- **Data excerpt**
+ + +
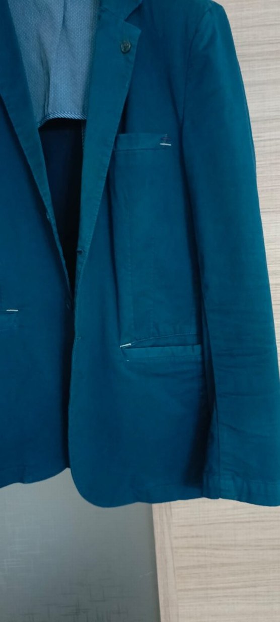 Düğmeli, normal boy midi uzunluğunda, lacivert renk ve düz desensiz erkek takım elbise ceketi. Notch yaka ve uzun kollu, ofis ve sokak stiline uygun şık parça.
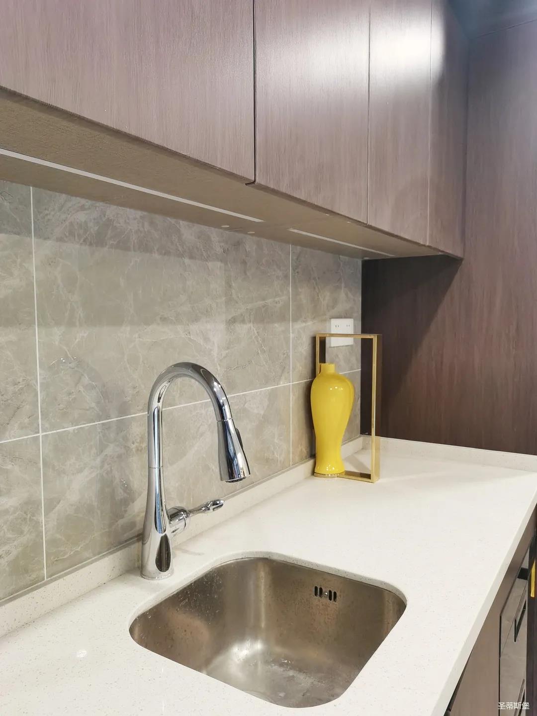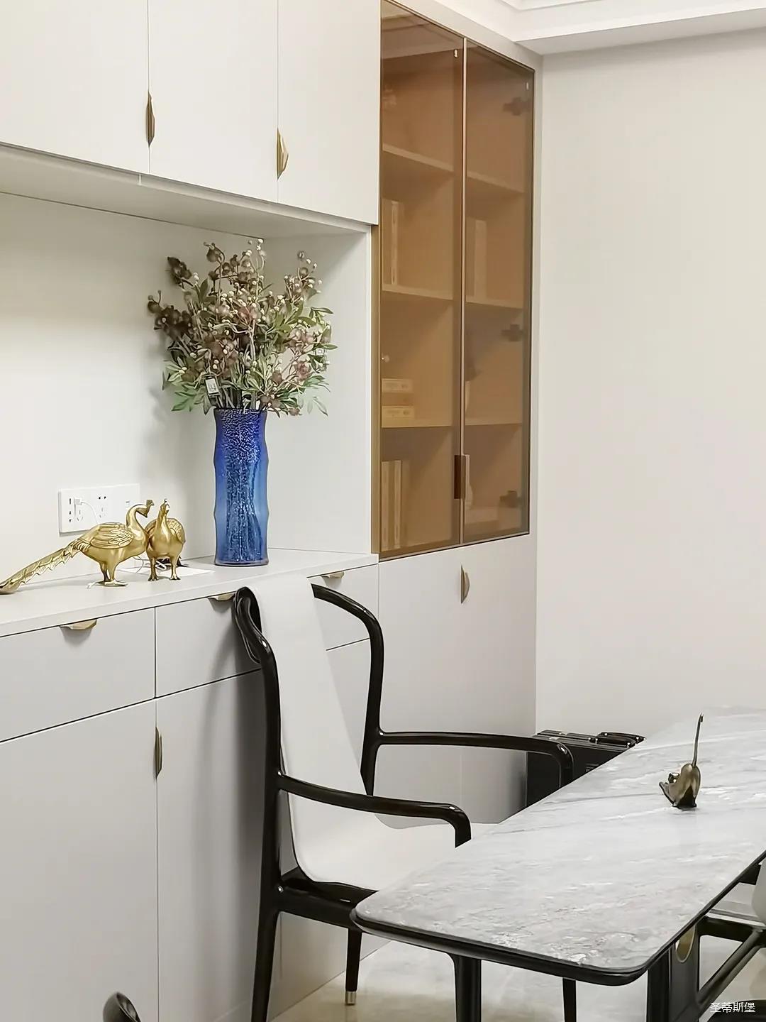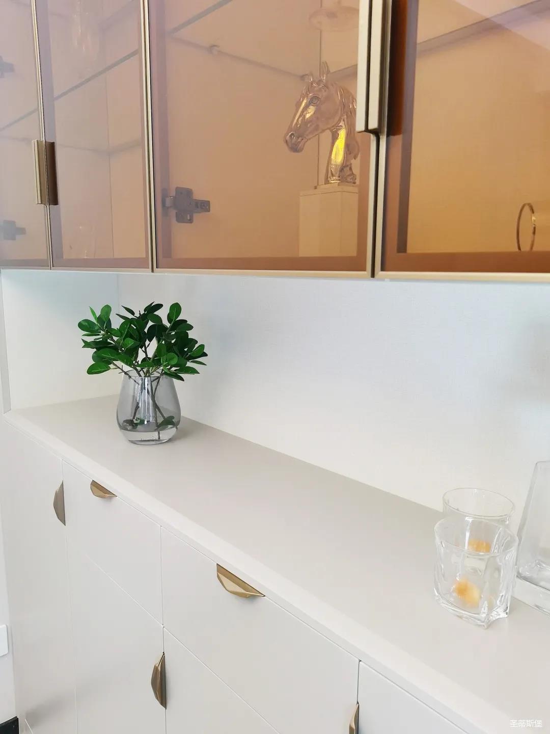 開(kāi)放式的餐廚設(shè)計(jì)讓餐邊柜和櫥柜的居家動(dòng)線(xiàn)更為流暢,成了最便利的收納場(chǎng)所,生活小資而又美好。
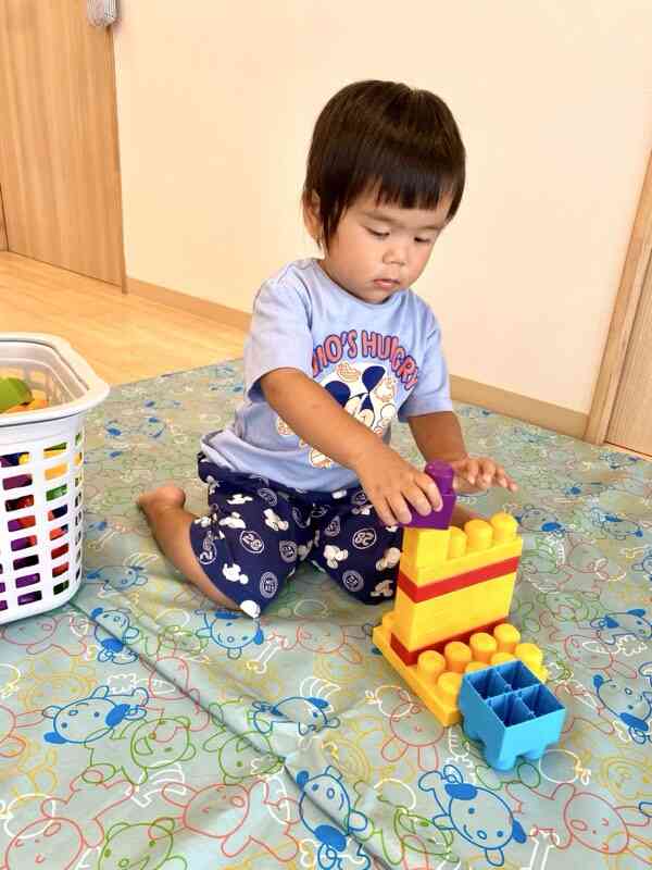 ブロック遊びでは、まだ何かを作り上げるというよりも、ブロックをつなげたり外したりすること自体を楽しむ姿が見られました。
+ + +
- **Requirement**
Reproduce the material above in full, images excluded.

- **Result**
 Düğmeli, normal boy midi uzunluğunda, lacivert renk ve düz desensiz erkek takım elbise ceketi. Notch yaka ve uzun kollu, ofis ve sokak stiline uygun şık parça.
 開(kāi)放式的餐廚設(shè)計(jì)讓餐邊柜和櫥柜的居家動(dòng)線(xiàn)更為流暢,成了最便利的收納場(chǎng)所,生活小資而又美好。
 ブロック遊びでは、まだ何かを作り上げるというよりも、ブロックをつなげたり外したりすること自体を楽しむ姿が見られました。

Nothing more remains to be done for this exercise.